OPINION: Championship coach highly quotable

Richard Shank

By Richard Shank
Shank’s Scoop

News accounts last week reported legendary Coach Lou Holtz has entered hospice care signaling what may be the final chapter in a remarkable life spanning 89 years.

Holtz is best remembered for the 35 years he spent as head football coach for six Division 1 teams, including an 11-year tenure at Notre Dame where he coached a perfect 12-0 season in 1988, notching a national championship for the Irish.

The 1989 and 1994 Notre Dame teams finished second in the nation, but scant mention is made of runners-up in sports rankings.

Still, there is more to Lou Holtz than coaching, as he also gained fame as one of the nation’s preeminent motivational speakers, authors, and sportscasters.

From what has been written, Holtz’s formative years were anything but plush. The first seven years of his life in Follansbee, W. Va., were spent living in a cellar with his parents and older sister.

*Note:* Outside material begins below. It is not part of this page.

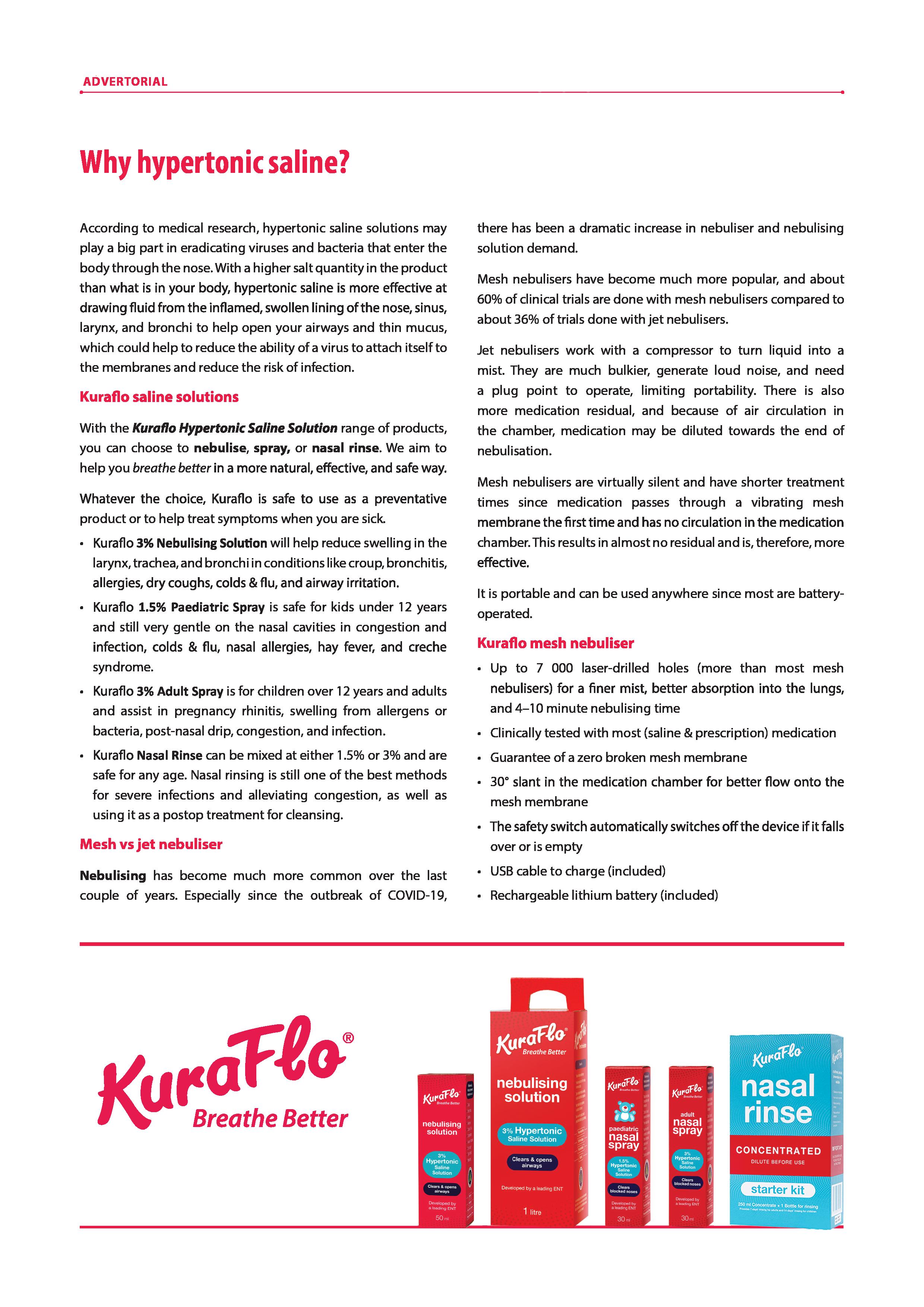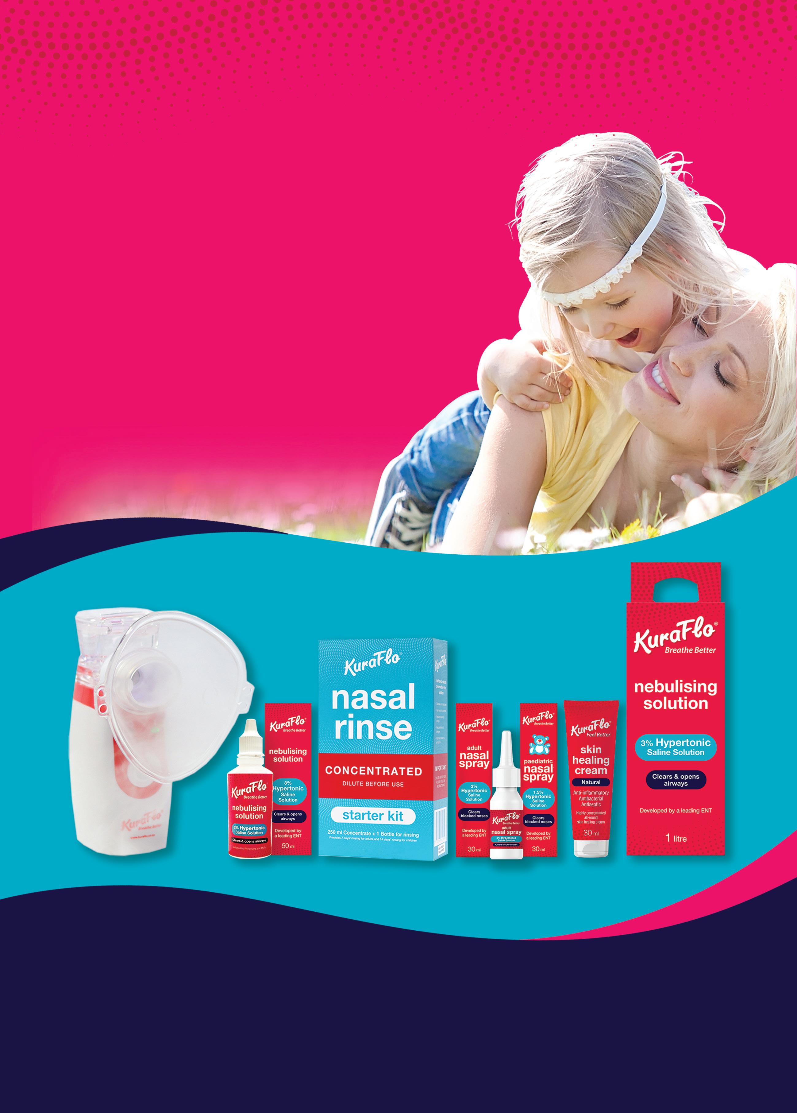 With a higher salt quantity in the product than that of the body, hypertonic saline draws fluid from the inflamed, swollen lining of the nose, sinuses, larynx and bronchi to help open the airways. This then helps wash out those trapped particles.

The four-member family share a single bedroom, a small kitchen and a half bath with no shower or tub.

Born with a speech impediment known as a lisp, most of his contemporaries growing up thought his career potential would be limited, especially after he graduated from high school in what he called the third of the class that makes the top two-thirds possible.

His high school coach encouraged Holtz to pursue college and thought one day he could be a coach himself. Next, he went to Kent State University in Kent, Ohio, where he made the football team.

Following graduation and a succession of assistant coaching jobs at multiple colleges, Holtz, in 1969, was offered his first head coaching job at William & Mary in Williamsburg, Va. Pay was sparse for head coaches in that era, so Holtz took a second job selling burial plots in the offseason and, from all accounts, did quite well as it was almost as profitable as coaching.

After taking William & Mary to a bowl game, Holtz went on to coach North Carolina State before jumping to the pros for a one-year stint with the New York Jets. The brief NFL coaching stint was solid proof he was cut out for coaching in college, and he was back on the sidelines with Arkansas, Minnesota, Notre Dame, and South Carolina before hanging up his coaching cleats in 2004.

Perhaps, the greatest story regarding Holtz coaching occurred leading up to the Jan. 1, 1978, Orange Bowl. Holtz brought his Arkansas Razorbacks to Miami to play second-ranked Oklahoma. A few days before the game, Holtz dismissed three star players for disciplinary reasons. Then, the trio of Arkansas players sued Holtz asking for reinstatement.

Holtz was represented in court by Arkansas Attorney General Bill Clinton and the suit was eventually dropped. On game day, Arkansas stormed the field defeating Oklahoma 31-6 in a total shock to the sports world.

During the 1980s, Holtz was in the peak of his coaching career and took on a second profession as a motivational speaker, with results exceeding all expectations and would last for four decades. On multiple years, Holtz was voted America’s top motivational speaker as thousands flocked to Chamber of Commerce dinners, sports banquets, and corporate meetings to hear his message.

Holtz’s message centered around three life precepts: Do the right thing, do everything to the best of your ability, and show people you care.

His quotations are thought-provoking:

“Ability is what you can do, motivation determines what you do; attitude determines how you will do it.”

“If you are bored with life, if you did not get up every morning with a burning desire to do things, you do not have enough goals.”

“Do not tell how rocky the sea is, just bring the ship in.”

“No one has ever drowned in sweat.”

“The way you motivate a football team is to eliminate the unmotivated ones.”

“Never attack the performer, attack his performance.”

“Quitting is a permanent solution to a temporary problem.”

“You are never as good as everyone tells you when you win and you are never as bad as they say when you lose.”

“Do not tell your problems to people, 80% do not care and 20% are glad you have them.”

“I have never learned anything talking. I only learn things when I ask questions.”

During his first year coaching at Notre Dame, Holtz installed a sign at the dressing room exit stating, “Play Like a Champion Today.” The sign remains to this day for all future Irish teams to read as they enter the field to play another game of football.

A four-word inscription on a life-size statue of Holtz at Gate D of Notre Dame Stadium sums up his life story: “Trust, Love and Commitment.”